Repeat the span of the entries below that starts at the line with "descriptive statistics? - answer Predicting" and ends at the line with "단계 빠른 순 정렬)", nothing more. Skip the pictures.

# Records shown
* * * * *
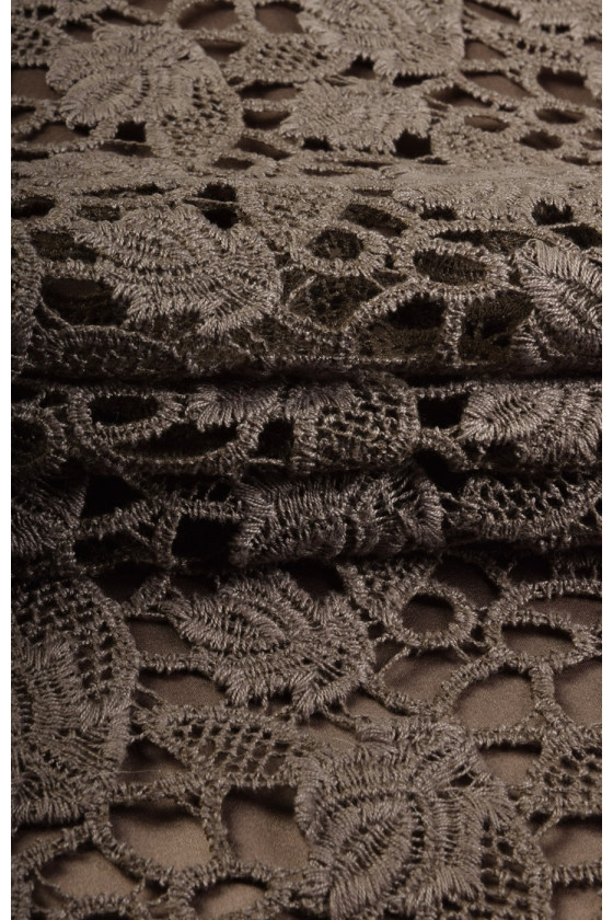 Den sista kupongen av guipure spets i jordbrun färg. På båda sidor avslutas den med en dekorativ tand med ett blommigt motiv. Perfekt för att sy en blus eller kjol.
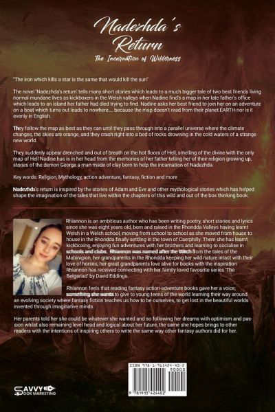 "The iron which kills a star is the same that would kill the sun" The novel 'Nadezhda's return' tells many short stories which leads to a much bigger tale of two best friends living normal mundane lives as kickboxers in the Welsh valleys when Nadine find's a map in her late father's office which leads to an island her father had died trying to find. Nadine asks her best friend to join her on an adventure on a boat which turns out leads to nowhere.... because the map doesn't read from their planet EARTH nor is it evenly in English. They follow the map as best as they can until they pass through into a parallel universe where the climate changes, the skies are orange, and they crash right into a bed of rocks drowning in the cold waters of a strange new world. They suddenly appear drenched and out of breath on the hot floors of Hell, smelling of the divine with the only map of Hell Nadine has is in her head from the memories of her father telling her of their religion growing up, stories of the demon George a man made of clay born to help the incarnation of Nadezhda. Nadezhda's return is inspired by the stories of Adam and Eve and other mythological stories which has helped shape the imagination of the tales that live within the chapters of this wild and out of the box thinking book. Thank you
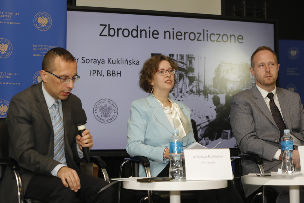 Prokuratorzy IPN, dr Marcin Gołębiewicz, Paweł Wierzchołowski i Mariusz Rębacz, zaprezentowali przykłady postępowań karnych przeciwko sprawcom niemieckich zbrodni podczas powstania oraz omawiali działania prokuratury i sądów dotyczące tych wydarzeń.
* * * * *
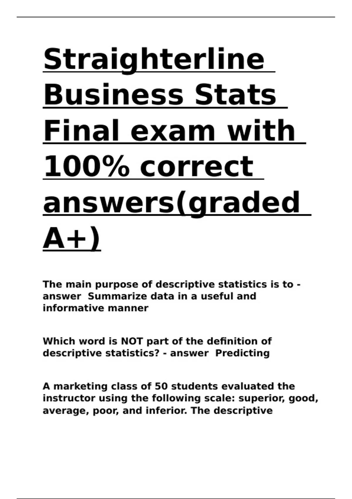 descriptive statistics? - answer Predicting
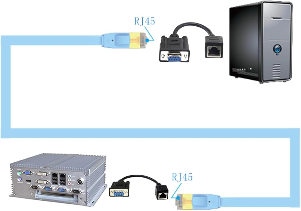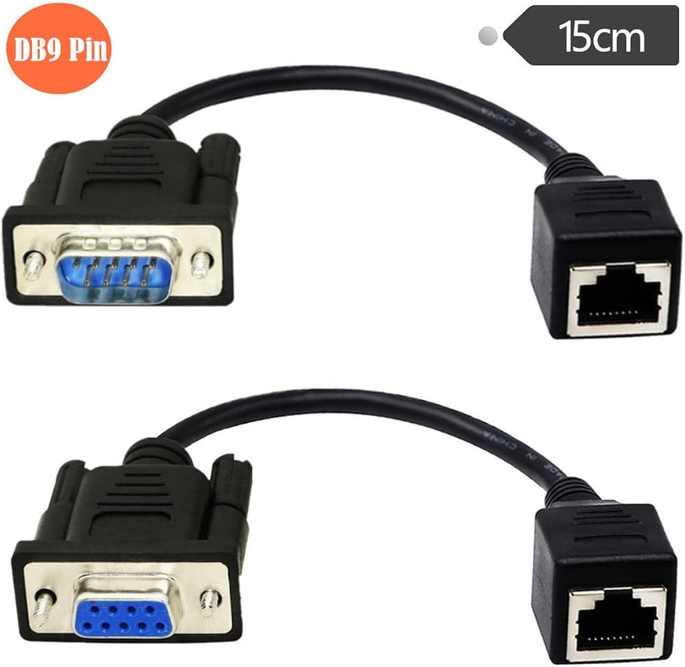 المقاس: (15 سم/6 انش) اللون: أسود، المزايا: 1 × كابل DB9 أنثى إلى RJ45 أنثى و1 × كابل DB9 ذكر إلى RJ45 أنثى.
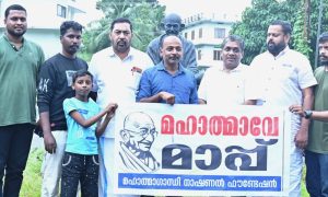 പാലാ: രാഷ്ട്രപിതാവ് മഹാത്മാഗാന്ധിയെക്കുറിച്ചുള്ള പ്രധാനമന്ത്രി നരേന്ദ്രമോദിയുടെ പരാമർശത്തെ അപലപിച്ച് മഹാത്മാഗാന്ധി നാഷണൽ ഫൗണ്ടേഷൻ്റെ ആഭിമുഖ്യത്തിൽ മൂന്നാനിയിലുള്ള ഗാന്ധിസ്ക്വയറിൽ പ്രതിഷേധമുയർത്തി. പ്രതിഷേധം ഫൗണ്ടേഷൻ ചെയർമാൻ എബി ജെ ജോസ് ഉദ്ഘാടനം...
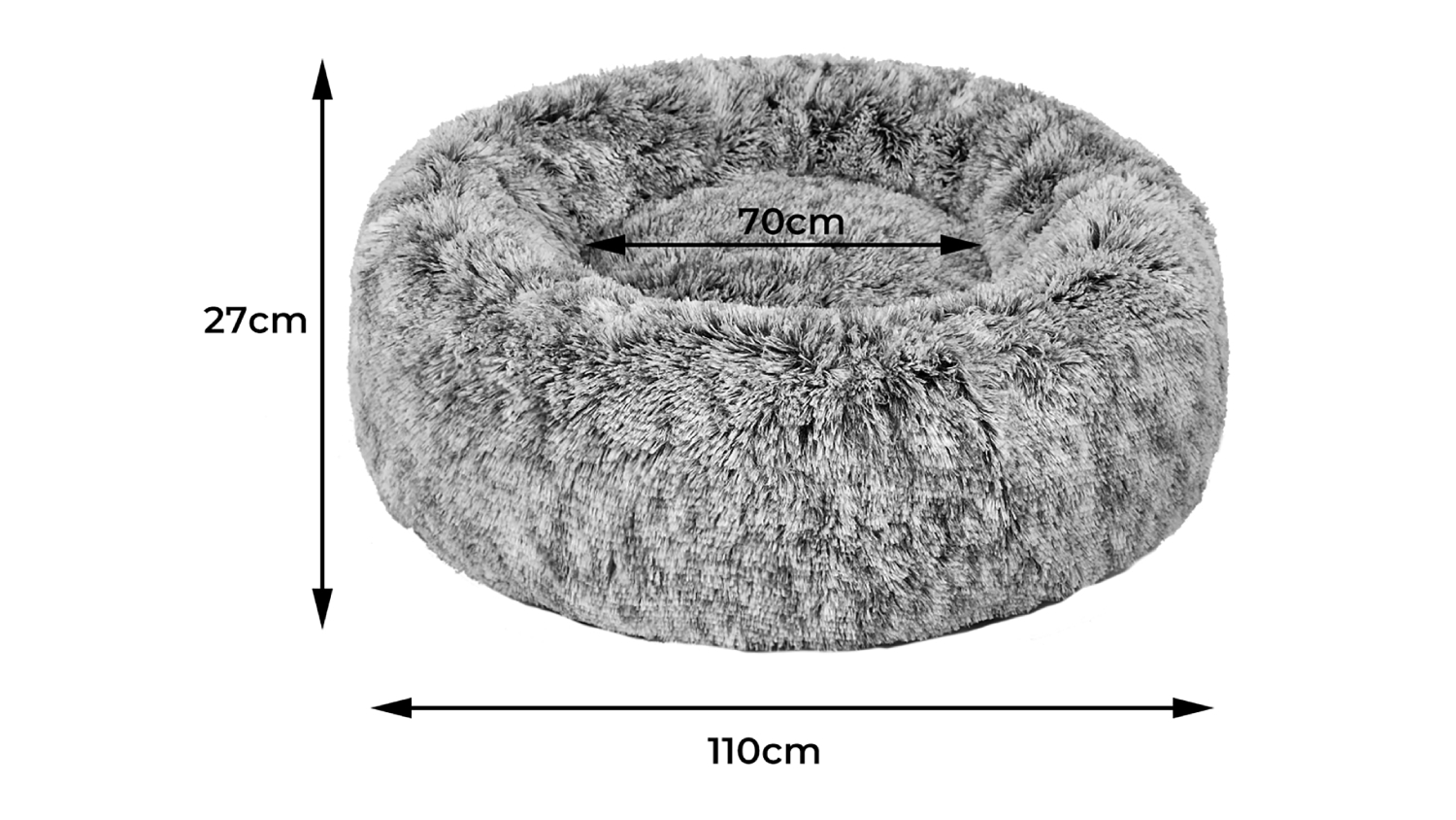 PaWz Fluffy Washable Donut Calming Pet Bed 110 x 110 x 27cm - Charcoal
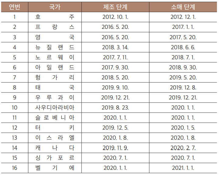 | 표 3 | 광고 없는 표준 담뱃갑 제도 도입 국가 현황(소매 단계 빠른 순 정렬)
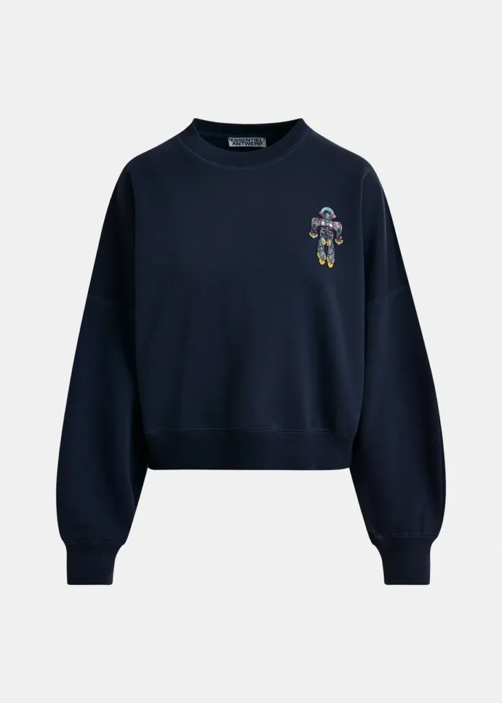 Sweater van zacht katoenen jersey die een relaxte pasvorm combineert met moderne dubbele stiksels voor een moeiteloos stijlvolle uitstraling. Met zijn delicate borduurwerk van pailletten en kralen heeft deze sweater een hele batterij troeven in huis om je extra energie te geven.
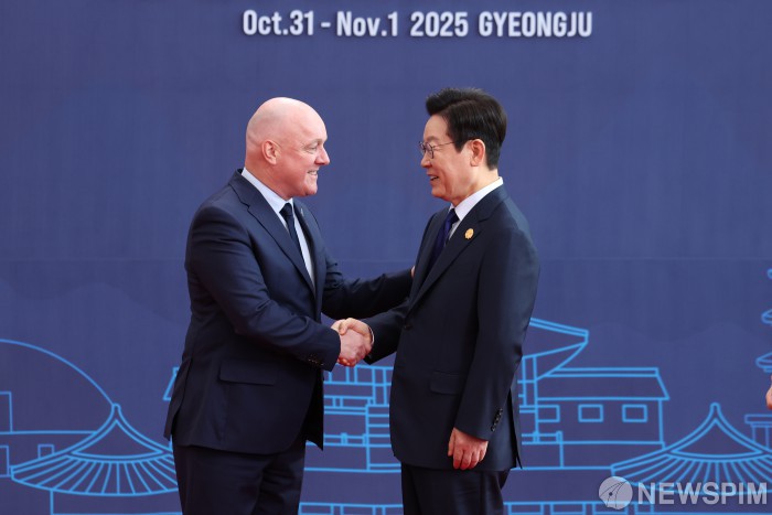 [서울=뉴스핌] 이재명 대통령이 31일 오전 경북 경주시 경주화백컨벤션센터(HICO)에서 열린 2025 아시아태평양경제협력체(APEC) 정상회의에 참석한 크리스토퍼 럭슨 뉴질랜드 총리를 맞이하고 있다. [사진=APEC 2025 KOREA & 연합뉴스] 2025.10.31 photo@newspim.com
* * * * *
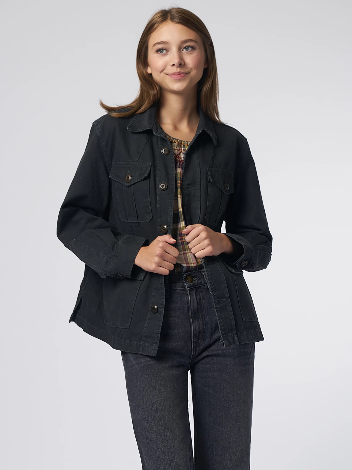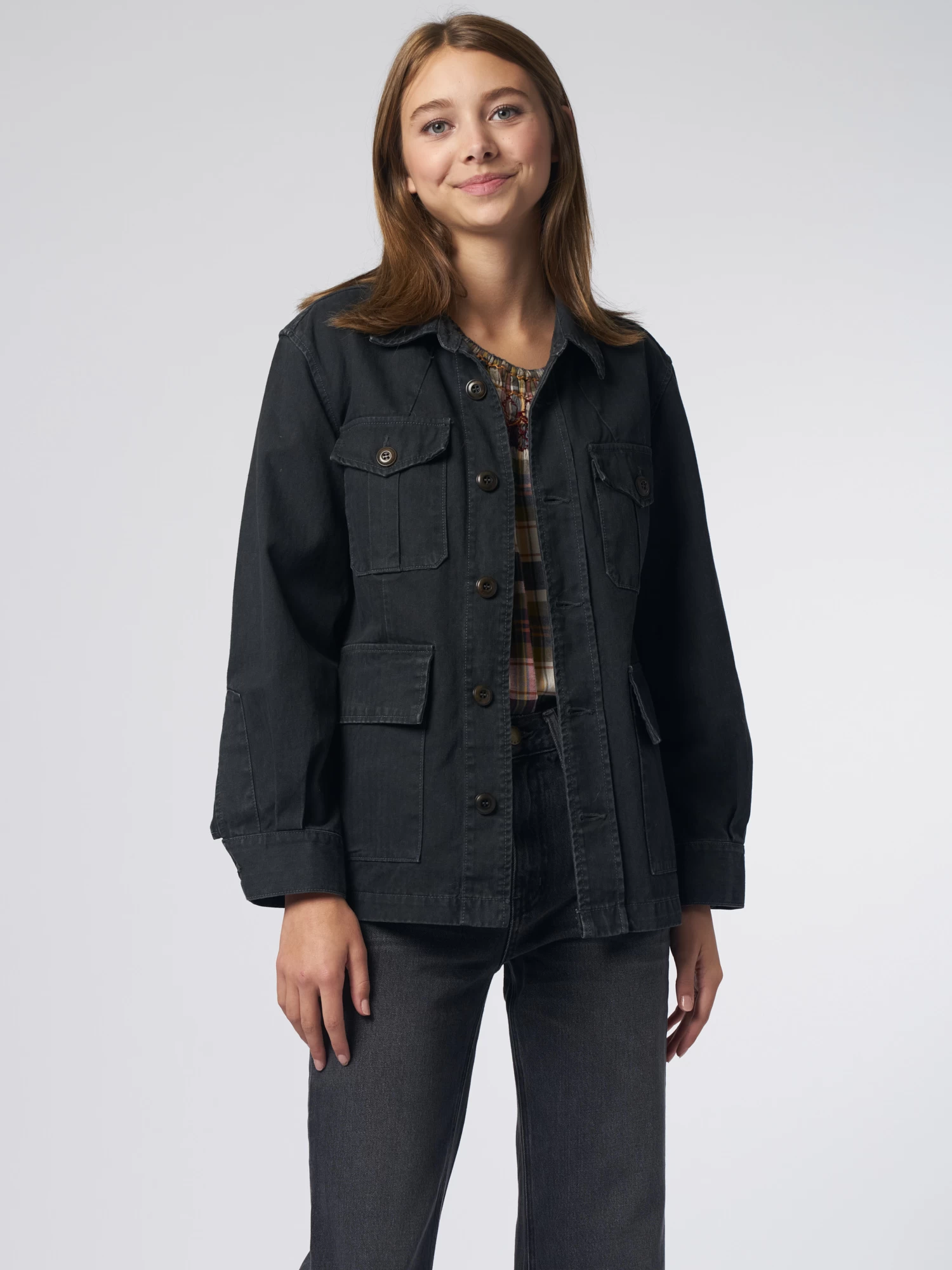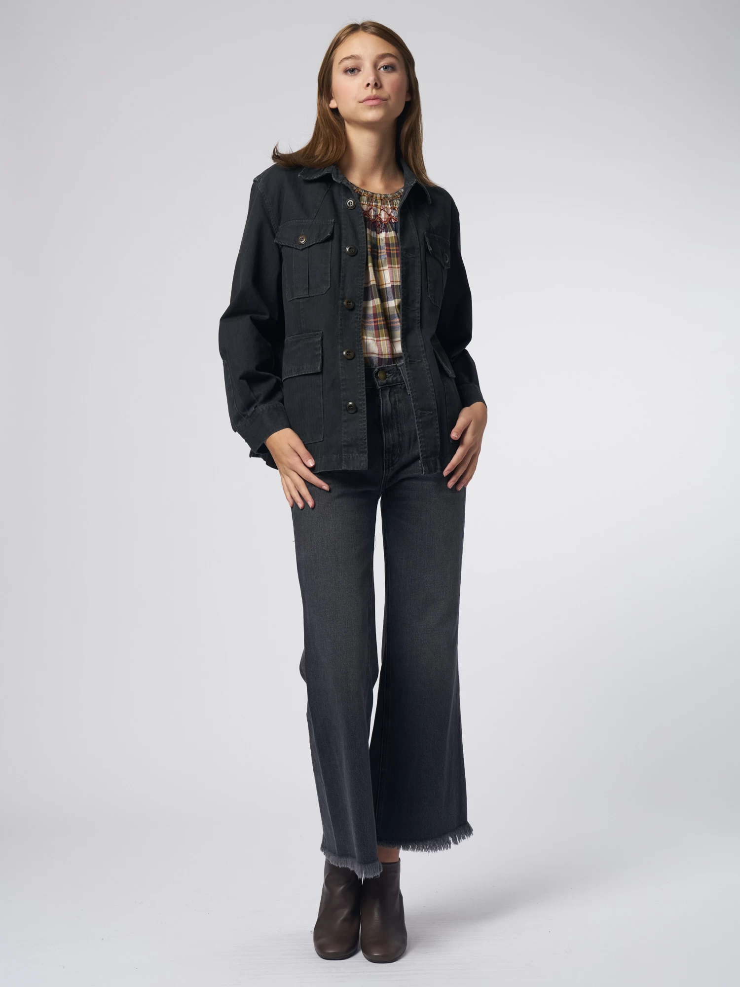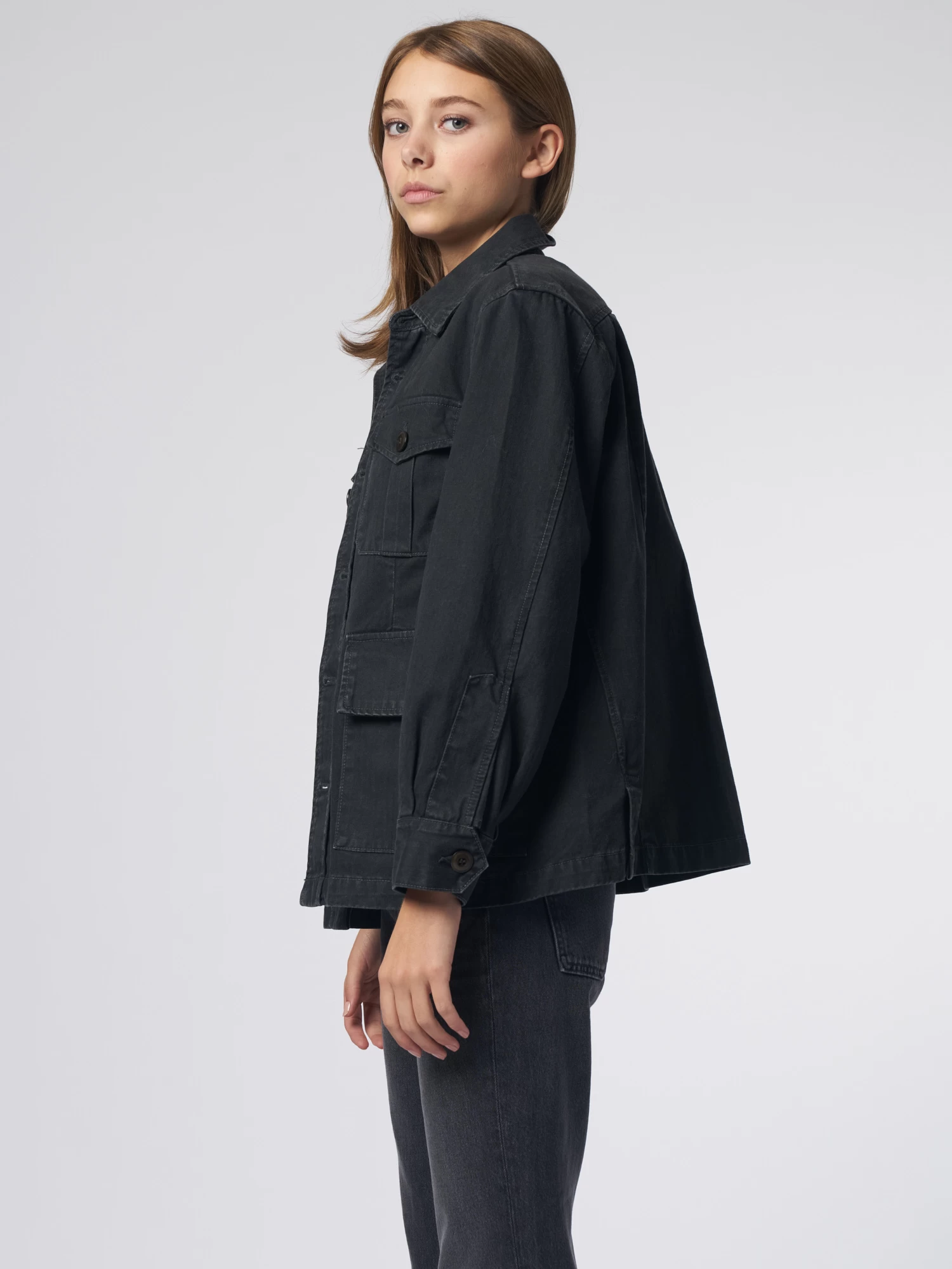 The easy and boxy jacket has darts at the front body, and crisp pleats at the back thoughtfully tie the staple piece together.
* * * * *
# Answer space
 descriptive statistics? - answer Predicting
 المقاس: (15 سم/6 انش) اللون: أسود، المزايا: 1 × كابل DB9 أنثى إلى RJ45 أنثى و1 × كابل DB9 ذكر إلى RJ45 أنثى.
 പാലാ: രാഷ്ട്രപിതാവ് മഹാത്മാഗാന്ധിയെക്കുറിച്ചുള്ള പ്രധാനമന്ത്രി നരേന്ദ്രമോദിയുടെ പരാമർശത്തെ അപലപിച്ച് മഹാത്മാഗാന്ധി നാഷണൽ ഫൗണ്ടേഷൻ്റെ ആഭിമുഖ്യത്തിൽ മൂന്നാനിയിലുള്ള ഗാന്ധിസ്ക്വയറിൽ പ്രതിഷേധമുയർത്തി. പ്രതിഷേധം ഫൗണ്ടേഷൻ ചെയർമാൻ എബി ജെ ജോസ് ഉദ്ഘാടനം...
 PaWz Fluffy Washable Donut Calming Pet Bed 110 x 110 x 27cm - Charcoal
 | 표 3 | 광고 없는 표준 담뱃갑 제도 도입 국가 현황(소매 단계 빠른 순 정렬)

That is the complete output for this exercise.